Welchen gesellschaftlichen Stellenwert die Themen der Nachhaltigkeit erreichen können, lässt sich im Zuge der Fridays-for-Future-Bewegung und der Europawahl 2019 bereits erkennen. Auch in der Bau- und Immobilienwirtschaft stehen die Zeichen zunehmend auf „nachhaltig“ – mit umso attraktiveren Chancen für Hochschulabsolventen, die hier ihren Fokus setzen.
Dabei geht die Idee des nachhaltigen Bauens, wie sie die Deutsche Gesellschaft für Nachhaltiges Bauen (DGNB) verfolgt, weit über die reine Betrachtung von Fragen des Umweltschutzes und der Energieeffizienz hinaus. Ökologie ist wichtig, aber auch der Mensch als Gebäudenutzer sollte mit betrachtet werden. Schließlich halten wir uns bis zu 90 Prozent unserer Zeit in Gebäuden auf, weshalb der Einfluss auf unsere Gesundheit und unser Wohlbefinden nicht unterschätzt werden sollte. Hinzu kommt die langfristige Wirtschaftlichkeit einer Baumaßnahme.

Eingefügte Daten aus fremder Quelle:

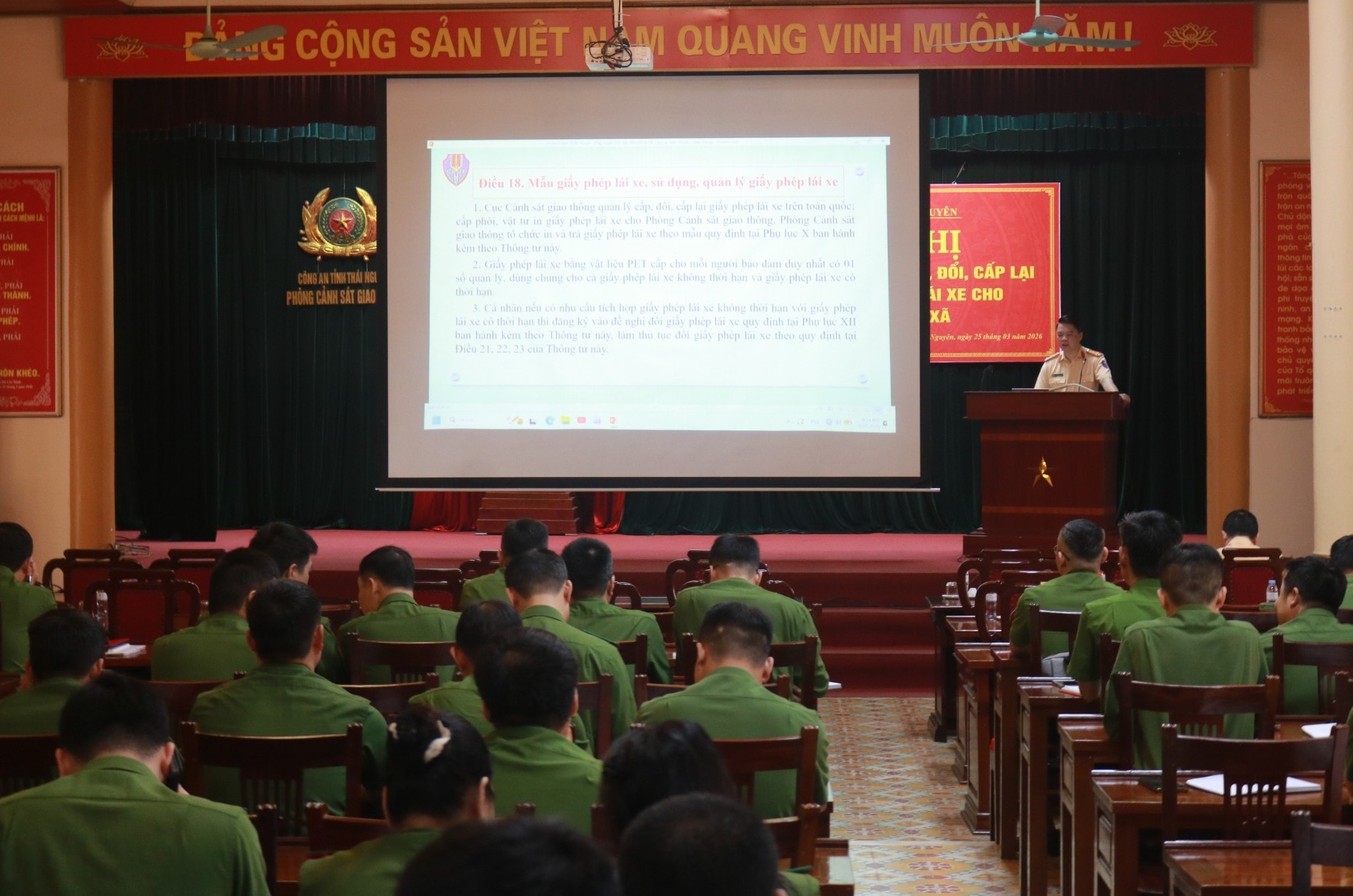 Đại diện Phòng Cảnh sát giao thông, Công an tỉnh Thái Nguyên đã phổ biến hai nội dung tập huấn, bao gồm: Phần lý thuyết tập trung quán triệt các quy định tại Thông tư số 12/2025/TT-BCA, ngày 28/02/2025 của Bộ Công an quy định về sát hạch, cấp giấy phép lái xe; cấp và sử dụng giấy phép lái xe quốc tế. Phần thực hành hướng dẫn cán bộ, chiến sĩ quy trình thực hiện trên phần mềm quản lý sát hạch, cấp giấy phép lái xe; thao tác cấp đổi, cấp lại giấy phép lái xe trên hệ thống dịch vụ công trực tuyến; thực hành trực tiếp trên máy tính.

Es sollte doch eigentlich selbstverständlich sein, dass wir so bauen, dass wir heute schon spätere Kosten in der Nutzung oder für Wartungs- und Instandhaltungsmaßnahmen vorausschauend gering halten. Kosten auf spätere Generationen zu verschieben und damit Probleme in die Zukunft zu verlagern, kann sicher nicht die Lösung sein.
Das DGNB-System fußt auf einer solch ganzheitlichen Nachhaltigkeitsbetrachtung, die Ökologie, Ökonomie und Soziales gleichgewichtet einschließt. Es ist das in Deutschland führende Zertifizierungssystem für nachhaltige Gebäude und Quartiere. Als Planungs- und Optimierungstool hilft es den am Bau Beteiligten, zukunftsfähige, hochwertige Projekte zu realisieren. Rund 5.000 Projekte weltweit haben dies bereits erfolgreich umgesetzt.

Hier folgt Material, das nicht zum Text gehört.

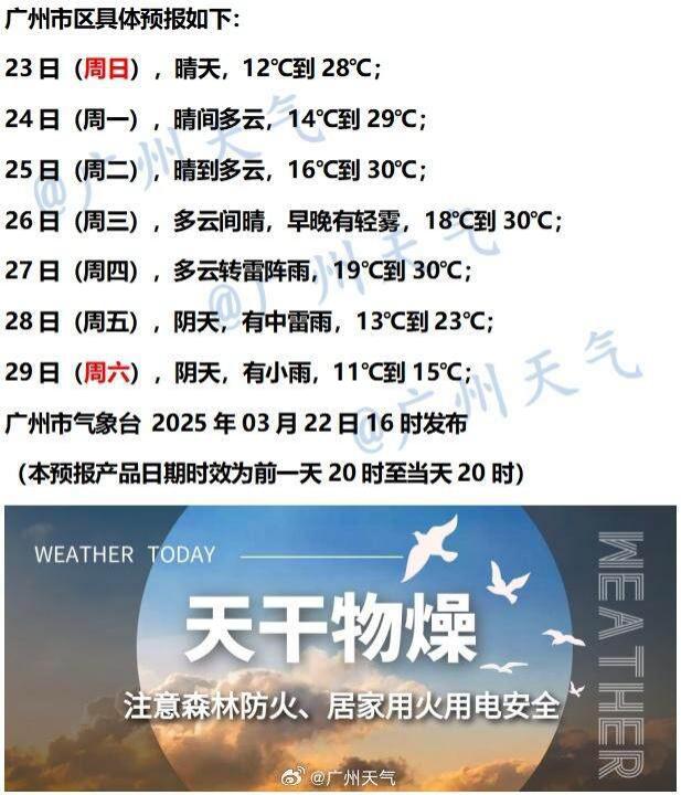 @据广州天气预测,未来几天阳光将继续在线,早晚天气清爽干燥,下周末雷雨将来袭。

Aspekte wie eine Lebenszykluskostenberechnung oder eine Ökobilanz werden in der Zertifizierung genauso adressiert wie die Vermeidung von Schad- und Risikostoffen sowie die und Umnutzungsfähigkeit. Weitere Merkmale sind eine gute Innenraumluftqualität, ein hoher thermischer Komfort in allen Jahreszeiten, eine gute Akustik sowie hohe Aufenthaltsqualitäten im Innen- und Außenbereich. Auch Zukunftsthemen rund um die Effizienz im Umgang mit Ressourcen im Sinne einer Circular Economy sind gefragt. Insgesamt umfasst das DGNB System für Neubauten in seiner aktuellsten Version 37 Kriterien, die einen Beitrag zur Nachhaltigkeitsqualität eines Gebäudes leisten.

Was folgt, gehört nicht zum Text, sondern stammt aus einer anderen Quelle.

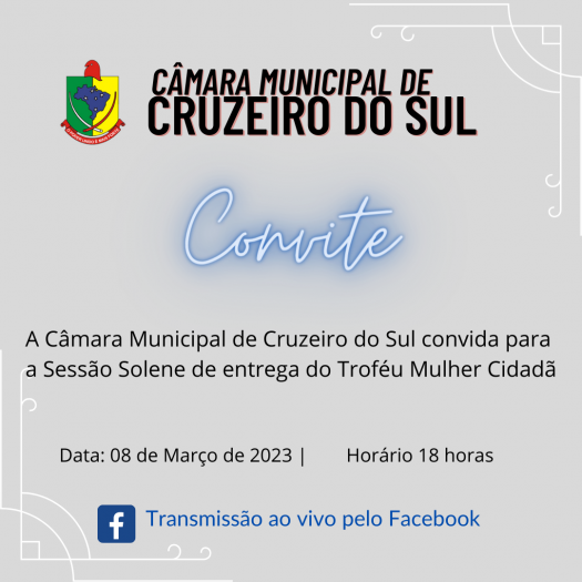 O Poder Legislativo cruzeirense convida a população para prestigiar a entrega do 1º Troféu Mulher Cidadã do Município de Cruzeiro do Sul, que ocorrerá na próxima quarta-feira, 08 de março, no Dia Internacional das Mulheres.

Probleme in die Zukunft zu verlagern, kann sicher nicht die Lösung sein
Dabei gibt es nicht den einen idealen Lösungsweg, der als Blaupause für alle Bauaufgaben gleichermaßen anwendbar ist. Jedes Projekt ist ein Stück weit individuell, weshalb es beim nachhaltigen Bauen immer auch um eine aktive Auseinandersetzung mit Zielkonflikten geht. Was sollte ich im Rahmen meines finanziellen Budgets am sinnvollsten umsetzen? Wo setze ich meine Schwerpunkte, ohne dass die übergeordnete Qualität darunter leidet? Die Kriterien und die dazugehörigen Indikatoren im Rahmen der Zertifizierung liefern hierfür wichtige Hilfestellungen. Um mit diesen Zielkonflikten und den Implikationen für ein Projekt zielführend umgehen zu können, braucht es jedoch Expertenwissen und Erfahrung. Genau hier liegen auch die Chancen für Absolventen im Ingenieurs- oder Architekturumfeld.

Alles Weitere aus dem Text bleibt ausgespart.